Distressing (or weathered look) in the decorative arts is the activity of making a piece of furniture or object appear aged and older, giving it a "weathered look". There are many methods to produce an appearance of age and wear. Distressing is viewed as a refinishing technique although it is the opposite of finishing in a traditional sense. In distressing, the object's finish is intentionally destroyed or manipulated to look less than perfect, such as with sandpaper or paint stripper. For example, the artisan often removes some but not all of the paint, leaving proof of several layers of paint speckled over wood grain underneath. This becomes the "finished" piece.
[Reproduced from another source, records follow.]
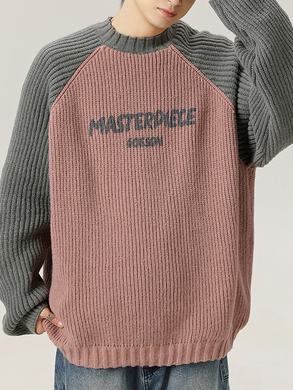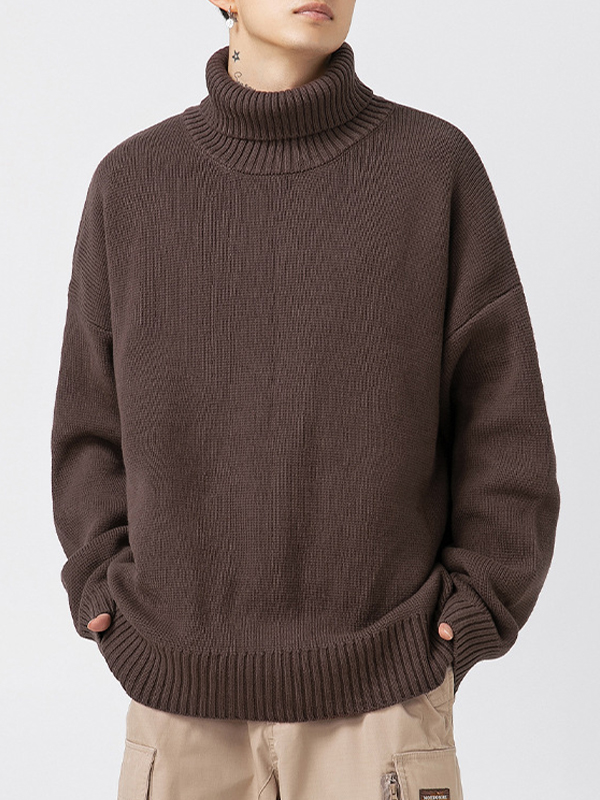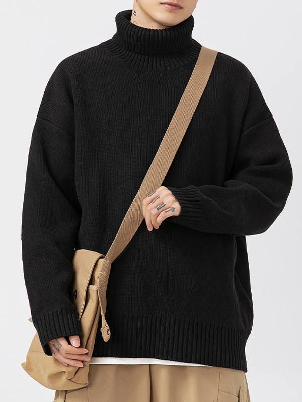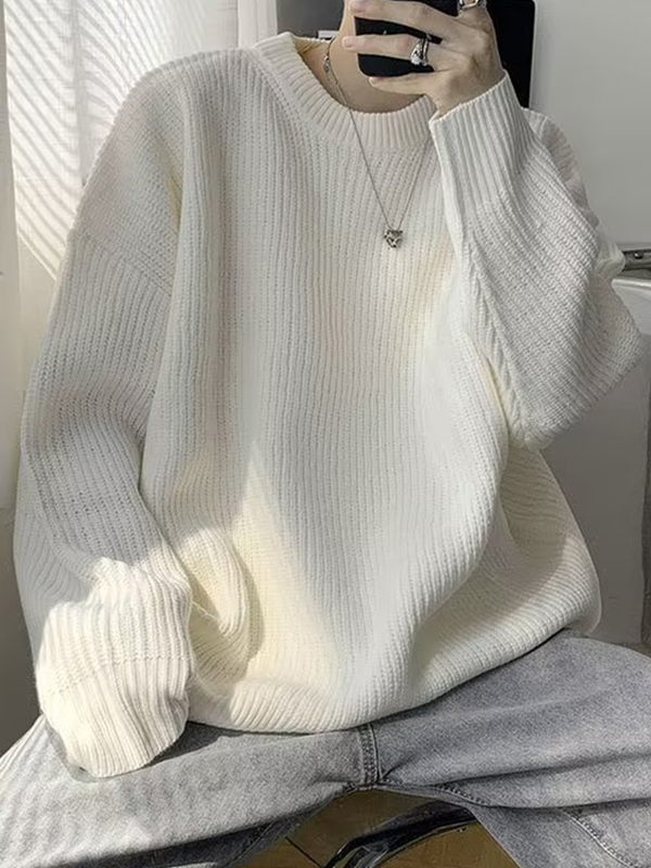 Einfarbiger, lockerer Strickpullover für Herren
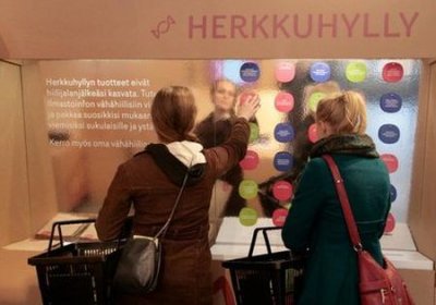 Exhibition visitors collecting different kind of carbon free “delicacies” in their purchasing basket – for example “I spend one evening in the candle light with my beloved ones without the use of electronical equipment“.
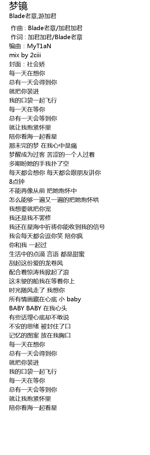 | [00:01.000] | 作词 : 加君加君/Blade老章 |
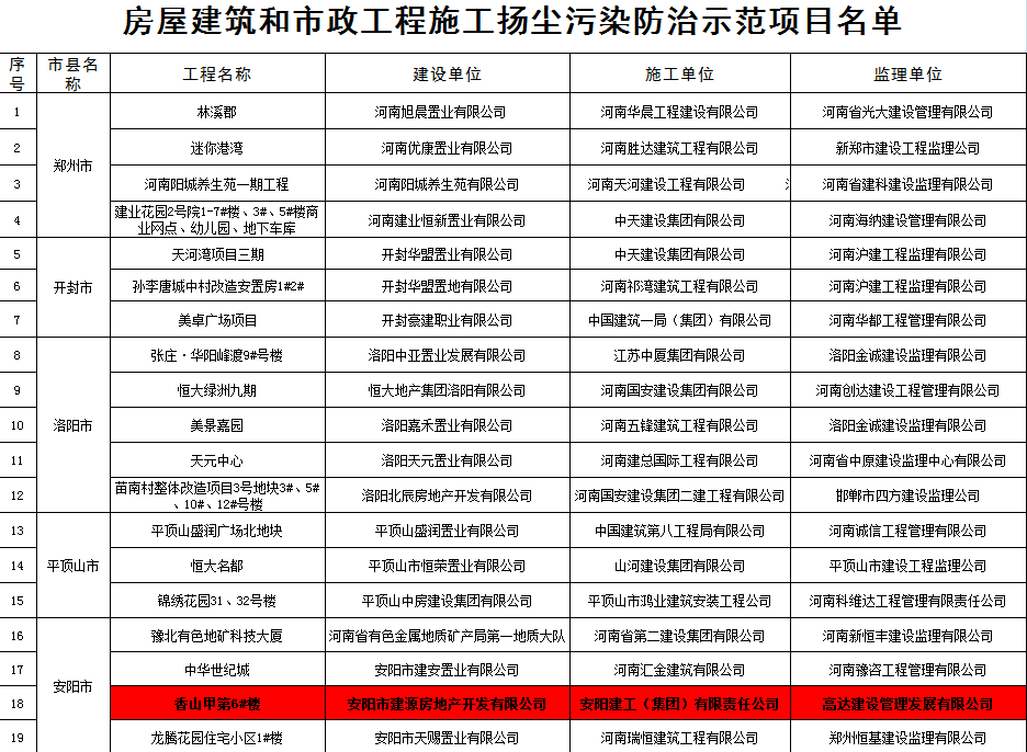自全省大氣污染防治攻堅以來,我公司承建的所有在建工地積極應對,洗車臺的配備、防塵網(wǎng)、灑水車、霧霾儀等一系列的應對措施,保障了在建工地綠色施工。其中,由我公司承建的“香山甲第6#”項目受到河南省住房和城鄉(xiāng)建設廳通報表揚,在此,向香山甲第項目部表示衷心的祝賀。 (辦公室 劉璐)

Distressing has become a popular design style and decorative art form. The artisan attempts a rustic, attractive, one-of-a-kind appearance or vintage look. The final appearance is often called the patina.

Distressing can be applied to a variety of surfaces and materials such as wood, glass, metal, plastic, stone, concrete, plaster, and paint. Solid pine furniture in particular is one of the most ideal furniture types to apply distressing to. The Shabby chic style has made both distressing and antiquing popular. The technique is sometimes applied to electric guitars, where it is referred to as relic'ing.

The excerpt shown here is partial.